If you haven’t already, contact MOHELA before using any of these services. You can contact the servicer by phone, secured email, mail or through their social media accounts. The company also has an information center that provides additional resources with account management tools and explains different types of student loans.
Common Problems FAQ With MOHELA Student Loans
MOHELA doesn’t have many as many complaints on file with the CFPB and BBB compared to other student loan servicers. However, there are still common complaints that come up on these sites filed by borrowers. Below we’ve listed three of the major complaints about MOHELA and how to avoid them.
Are there Troubles with how payments are handled
The most common complaint from MOHELA borrowers is about the way that the servicer handles its student loan payments. MOHELA failed to transfer over payments for one borrower, making the payment past due with the other servicer.
While other borrowers have tried to pay down their principal balance within the allowed amount of time and found that MOHELA instead put that money into future payments. This means that interest will accrue on that full principal amount. In this case, you should always document your payments and if you are transitioning over your student loans, call a representative before to ensure that everything goes smoothly.
Received bad information about loans?
Many borrowers also filed complaints about receiving incorrect information about how to qualify for Public Service Student Loan Forgiveness (PSLF) and getting conflicting information about their loans in general from MOHELA representatives.
Whenever you talk to a representative, you should take down their name and, if possible, have them send you an email confirming the information they gave you. Always keep records of your payments and any transfers of your loans. Also, don’t just rely on representatives for information, do your own research on your student loans and the programs you could qualify for.
Do people agree with the fees charged
The other main complaint among borrowers is that they don’t agree with the fees charged on their loans. Most borrowers that file this complaint are having a tough time with their payments and don’t get how the loan balance isn’t decreasing. If you are having trouble understanding your loans, you should contact a representative and work out the best repayment plan for your finances.
Also, try out different repayment plans using online student loan calculators. If you can qualify for income-based repayment plans, your loans will be forgiven after 20 or 25 years, depending on the plan.
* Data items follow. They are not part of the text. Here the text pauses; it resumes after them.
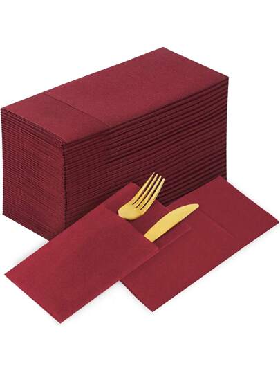 10pcs/50pcs Red Disposable Linen Touch Pre-Folded Pocket Napkins, For Wedding Decoration, Dinner Party, Cocktail Event, Hotel - Burgundy - View 8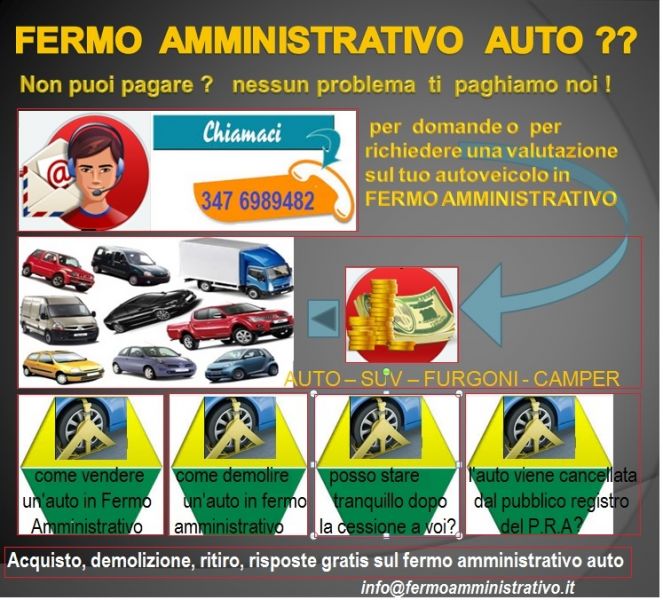 - Aiuto gratis al fermo amministrativo dell’auto. Acquistiamo la vostra auto o veicolo in preavviso di fermo amministrativo, o già gravato da fermo amministrativo. Ottime valutazioni e pagamento immediato. Hai scoperto che sulla tua auto grava un fermo amministrativo Equitalia o di altro Ente? hai ricevuto un preavviso di fermo amministrativo riferito a un tuo autoveicolo? Sei nel panico totale e nessuno ti fornisce delle risposte concrete contattaci al 347 6989482 Risponderemo gratis alle tue domande, tipo: Ora che faccio con un fermo amministrativo sull’auto? Posso circolare con la mia auto in fermo amministrativo? Quali problemi vado a incorrere se circolo o non pago il fermo amministrativo sulla mia auto? Come faccio a sapere quale importo devo pagare in relazione al mio fermo amministrativo? Chi è l’Ente preposto a riscuotere la somma del mio fermo amministrativo? Etc. etc. Chiamami!!!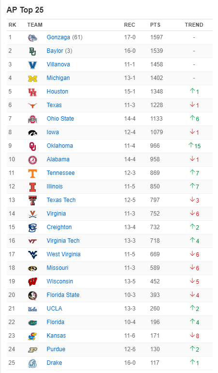 Comenzando con el repaso a lo ocurrido encontramos a dos equipos que están por encima del resto a una distancia importante: Gonzaga Bulldogs y Baylor Bears. Así, encabezando el ranking de la AP, se encuentran los Zags que se han mostrado intratables y que acumulan 17 victorias en otros tantos partidos, todos ellos por más de 10 puntos salvo frente a West Virginia a la que “solo” fueron capaces de vencer por 5 puntos. Ya en la temporada de conferencia, en una conferencia de nivel medio como la WCC, han demostrado su poderío y no han bajado nunca de los 15 puntos de diferencia a pesar de haberse enfrentado ya a sus teóricos rivales por el título y máximos competidores como son BYU, USF y St. Mary’s. Y todo ello, gracias a una plantilla de enorme calidad que cuenta con uno de los mejores jugadores del país en su base Jalen Suggs, dos aleros carne de NBA como el francés Joel Ayayi y el tirador Corey Kispert, un interior de mucha calidad como Drew Timme y un banquillo de jugadores principalmente internacionales que, a buen seguro, serían titulares en la mayoría de conjuntos de la DI, como son el canadiense Andrew Nembhard, el malí Oumar Ballo o el boricua Julian Strawther.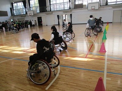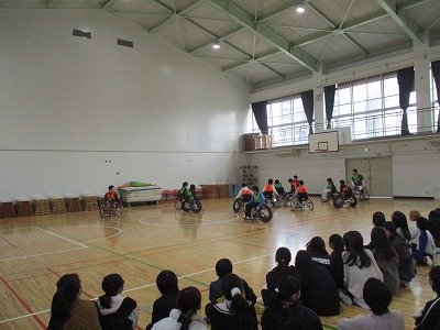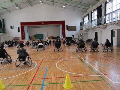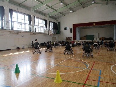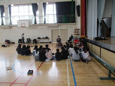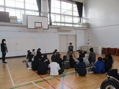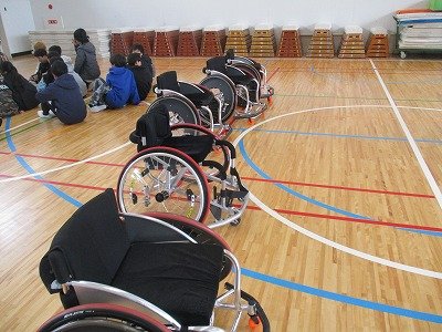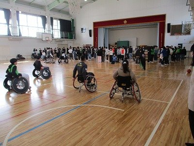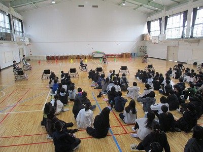 昨年度に引き続き、今年度もPTAのご協力もあり、6年生対象の車いすバスケ体験会を開催することができました。始めは、少し緊張気味の子ども達も、車いすに乗って操作したり、クラス代表同士の車いすバスケを見たりする中でほぐれていったようです。最後に、選手一人につき一クラスで質問コーナーがあり、そこでいろんなことを聞いていくうちに、引き込まれていく様子が伺えました。会が終わり、片づけをしているときに、たくさんの子がサインをもらいに来ていました。それぞれで感じたことがあった会でした。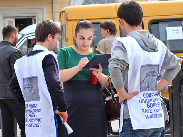 Флеш-моб за сохранение борьбы в качестве олимпийского вида спорта. Владикавказ, 15 марта 2013 г. Фоторепортаж корреспондента "Кавказского узла" Эммы Марзоевой

Excessive Phone Calls from them?
All servicers need to contact the borrowers they work with at some point. For many borrowers, problems can arise and compound when their servicer cannot reach them. However, when other servicers may claim they did their due diligence after one or a few attempts, MOHELA does not give up. In fact, they may go too far.
This issue has two sides. First, MOHELA tried to contact borrowers whose account recently became delinquent. Several borrowers spoke about how after one missed payment, MOHELA launched calls to their homes, workplaces, and family members.
Often family members were not listed on the borrower’s account, but contacted through skip-tracing. Borrowers felt this was excessive given they were often just one payment behind. Some claimed to not actually be delinquent at all, but having paid on time or having been in forbearance.
The second side shows a different point of view: family, friends, and acquaintances of a (possibly) delinquent borrower. Complaints detail how they were called multiple times a week, sometimes multiple times a day, and were confused by the source of the calls given they did not have any loan associated with MOHELA.